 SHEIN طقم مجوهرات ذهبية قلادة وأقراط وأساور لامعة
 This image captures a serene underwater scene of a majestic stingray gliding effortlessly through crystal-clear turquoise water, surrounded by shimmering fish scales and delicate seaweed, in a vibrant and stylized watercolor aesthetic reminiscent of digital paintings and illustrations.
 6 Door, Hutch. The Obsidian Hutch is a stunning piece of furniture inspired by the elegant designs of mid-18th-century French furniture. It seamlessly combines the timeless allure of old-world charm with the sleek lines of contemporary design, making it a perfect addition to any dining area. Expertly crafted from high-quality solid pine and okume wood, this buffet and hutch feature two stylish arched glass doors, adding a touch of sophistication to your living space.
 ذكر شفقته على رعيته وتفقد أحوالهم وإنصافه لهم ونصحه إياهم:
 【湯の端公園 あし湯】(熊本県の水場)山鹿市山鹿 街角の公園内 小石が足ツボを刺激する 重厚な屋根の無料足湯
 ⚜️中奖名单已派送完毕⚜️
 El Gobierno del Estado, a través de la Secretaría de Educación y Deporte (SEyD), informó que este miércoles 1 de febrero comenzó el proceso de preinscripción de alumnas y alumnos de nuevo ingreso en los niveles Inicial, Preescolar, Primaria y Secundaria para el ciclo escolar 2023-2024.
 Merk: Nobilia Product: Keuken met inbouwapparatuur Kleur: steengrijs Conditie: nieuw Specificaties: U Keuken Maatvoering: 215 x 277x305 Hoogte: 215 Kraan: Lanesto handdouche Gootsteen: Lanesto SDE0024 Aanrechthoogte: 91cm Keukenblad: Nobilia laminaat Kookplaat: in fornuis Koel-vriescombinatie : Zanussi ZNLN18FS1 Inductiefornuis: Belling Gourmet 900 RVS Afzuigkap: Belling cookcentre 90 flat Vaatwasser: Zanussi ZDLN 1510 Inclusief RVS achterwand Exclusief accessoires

...

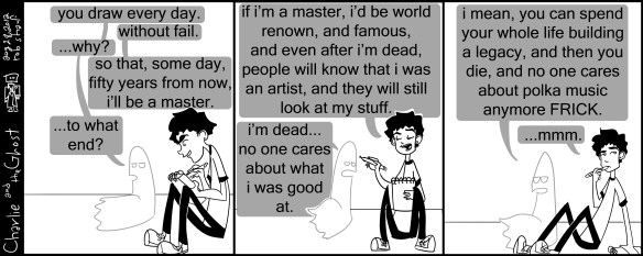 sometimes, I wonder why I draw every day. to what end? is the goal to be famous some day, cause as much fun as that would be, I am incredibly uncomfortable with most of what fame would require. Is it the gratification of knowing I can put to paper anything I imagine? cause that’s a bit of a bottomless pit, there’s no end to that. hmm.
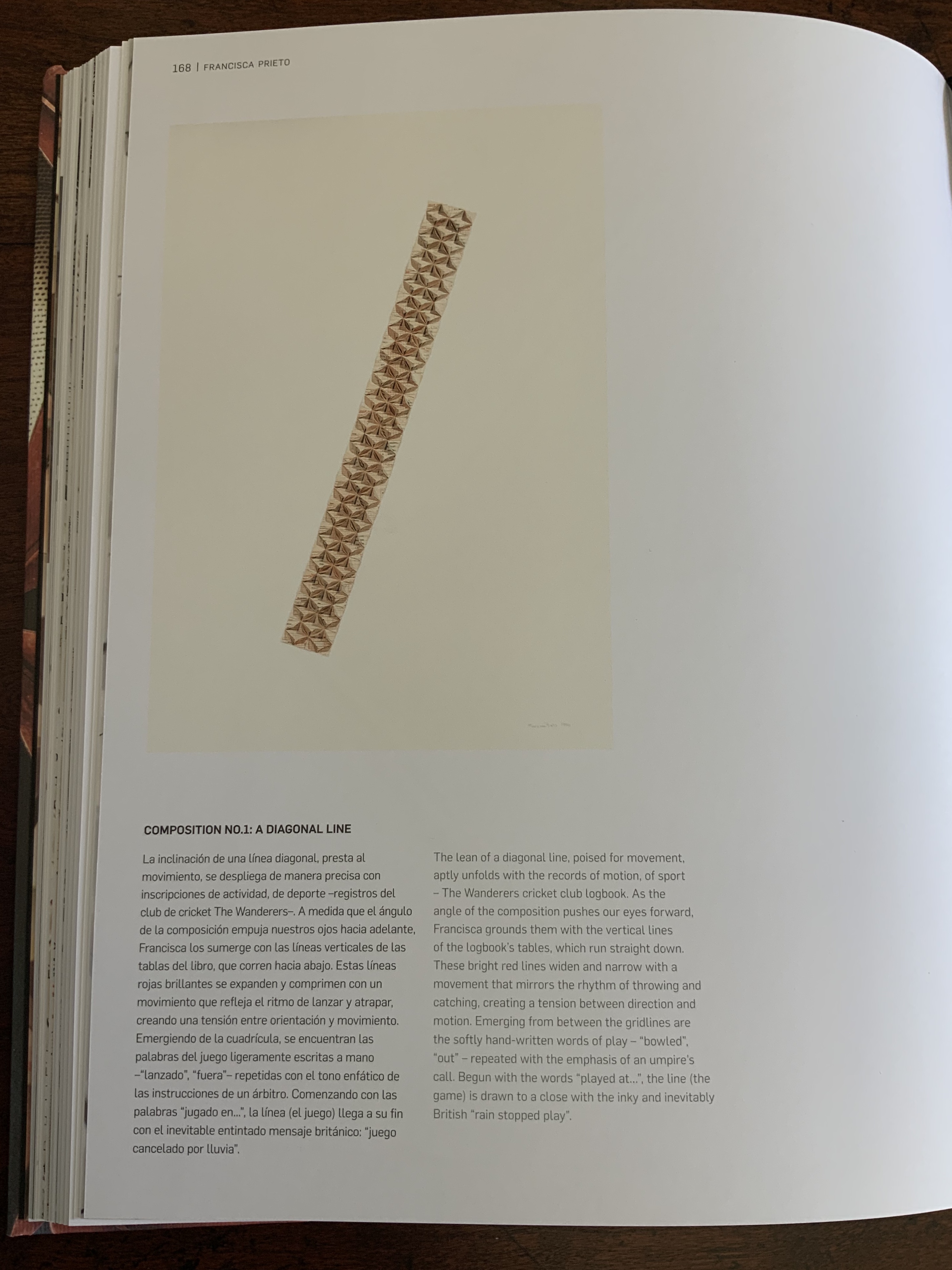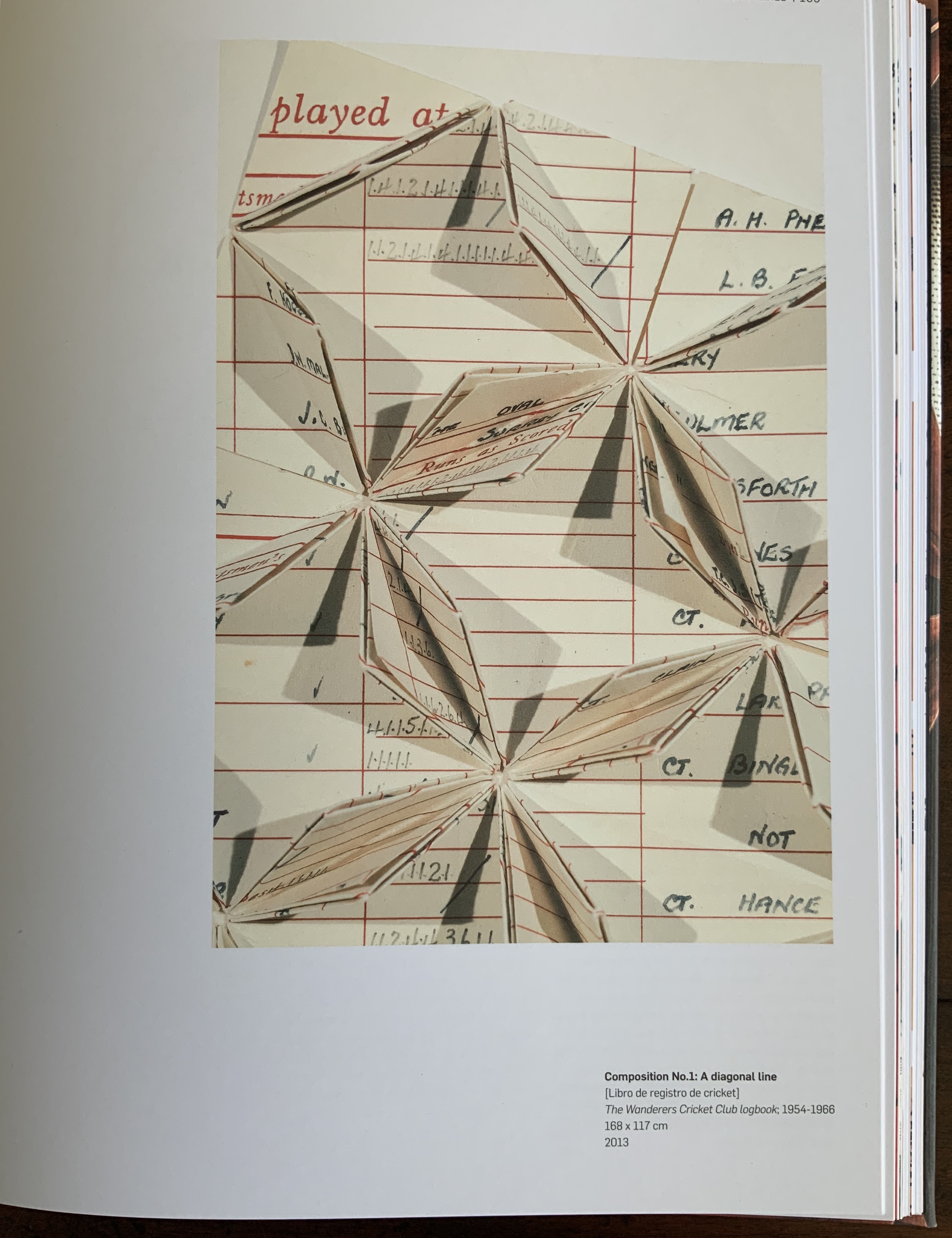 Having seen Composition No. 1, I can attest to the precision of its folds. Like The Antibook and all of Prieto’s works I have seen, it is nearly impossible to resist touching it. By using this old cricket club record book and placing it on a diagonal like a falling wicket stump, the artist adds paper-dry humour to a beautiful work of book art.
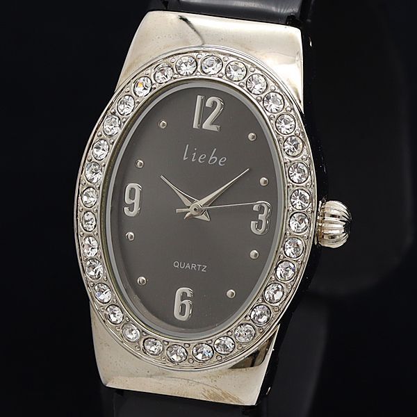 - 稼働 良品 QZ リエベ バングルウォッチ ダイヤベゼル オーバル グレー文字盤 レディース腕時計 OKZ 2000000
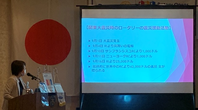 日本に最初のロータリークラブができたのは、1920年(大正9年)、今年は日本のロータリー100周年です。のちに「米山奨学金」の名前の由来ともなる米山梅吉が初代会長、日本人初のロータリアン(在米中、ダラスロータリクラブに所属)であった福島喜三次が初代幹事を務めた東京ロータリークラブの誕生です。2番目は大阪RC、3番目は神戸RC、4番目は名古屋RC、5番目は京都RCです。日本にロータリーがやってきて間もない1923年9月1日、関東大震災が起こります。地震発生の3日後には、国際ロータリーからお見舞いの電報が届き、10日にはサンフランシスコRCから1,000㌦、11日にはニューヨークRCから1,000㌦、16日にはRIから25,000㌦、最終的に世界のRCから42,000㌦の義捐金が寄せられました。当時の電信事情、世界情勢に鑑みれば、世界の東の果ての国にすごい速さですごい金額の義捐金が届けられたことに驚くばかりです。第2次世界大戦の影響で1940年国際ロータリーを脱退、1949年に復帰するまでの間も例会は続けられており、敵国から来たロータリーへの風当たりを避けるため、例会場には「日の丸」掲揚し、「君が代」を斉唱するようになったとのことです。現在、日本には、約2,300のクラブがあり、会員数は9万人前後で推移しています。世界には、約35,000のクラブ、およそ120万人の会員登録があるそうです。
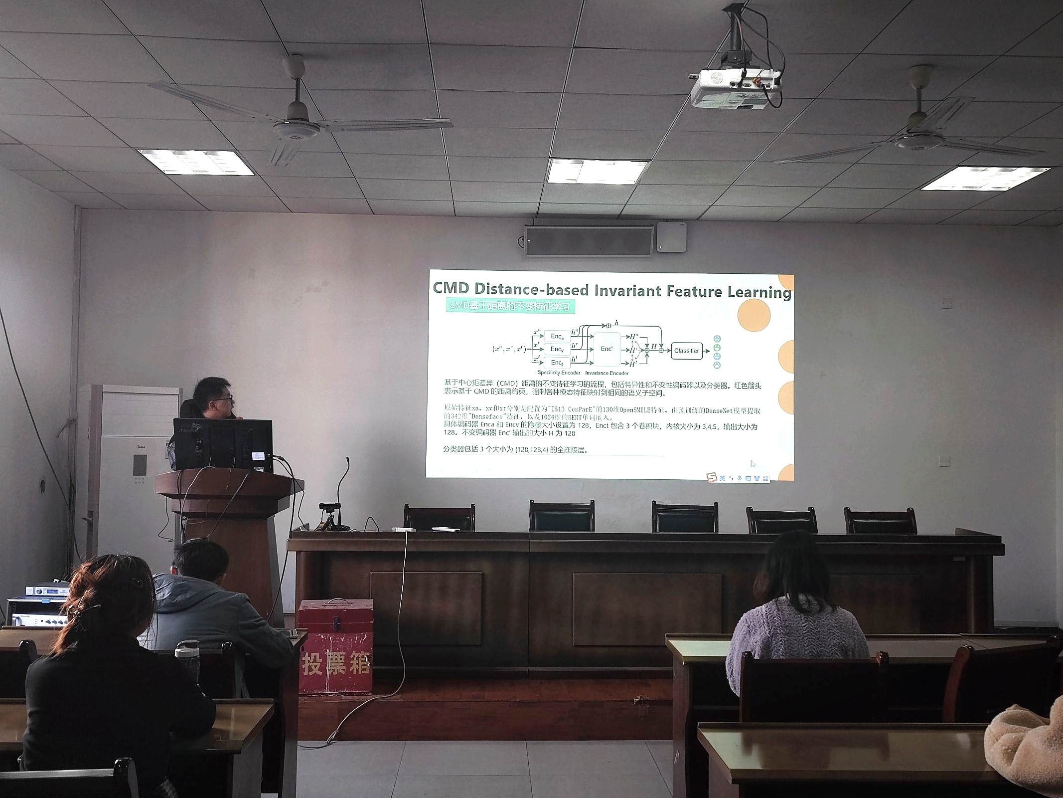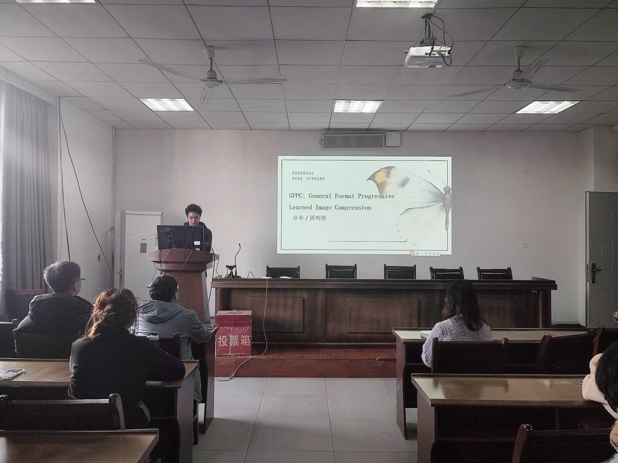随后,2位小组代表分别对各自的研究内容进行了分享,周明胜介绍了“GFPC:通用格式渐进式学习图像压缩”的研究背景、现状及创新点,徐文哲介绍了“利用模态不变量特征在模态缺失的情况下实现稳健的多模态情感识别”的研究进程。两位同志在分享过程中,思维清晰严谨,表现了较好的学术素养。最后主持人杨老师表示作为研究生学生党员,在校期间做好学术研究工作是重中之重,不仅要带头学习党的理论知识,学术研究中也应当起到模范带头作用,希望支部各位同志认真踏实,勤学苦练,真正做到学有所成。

# EXERCISE DIRECTIONS:
Give again, word for word, every line of the listing above from the one with "SHEIN طقم مجوهرات" to the one with "6 Door, Hutch.", both inclusive, and nothing beyond them.

# TASK ANSWER:
 SHEIN طقم مجوهرات ذهبية قلادة وأقراط وأساور لامعة
 This image captures a serene underwater scene of a majestic stingray gliding effortlessly through crystal-clear turquoise water, surrounded by shimmering fish scales and delicate seaweed, in a vibrant and stylized watercolor aesthetic reminiscent of digital paintings and illustrations.
 6 Door, Hutch. The Obsidian Hutch is a stunning piece of furniture inspired by the elegant designs of mid-18th-century French furniture. It seamlessly combines the timeless allure of old-world charm with the sleek lines of contemporary design, making it a perfect addition to any dining area. Expertly crafted from high-quality solid pine and okume wood, this buffet and hutch feature two stylish arched glass doors, adding a touch of sophistication to your living space.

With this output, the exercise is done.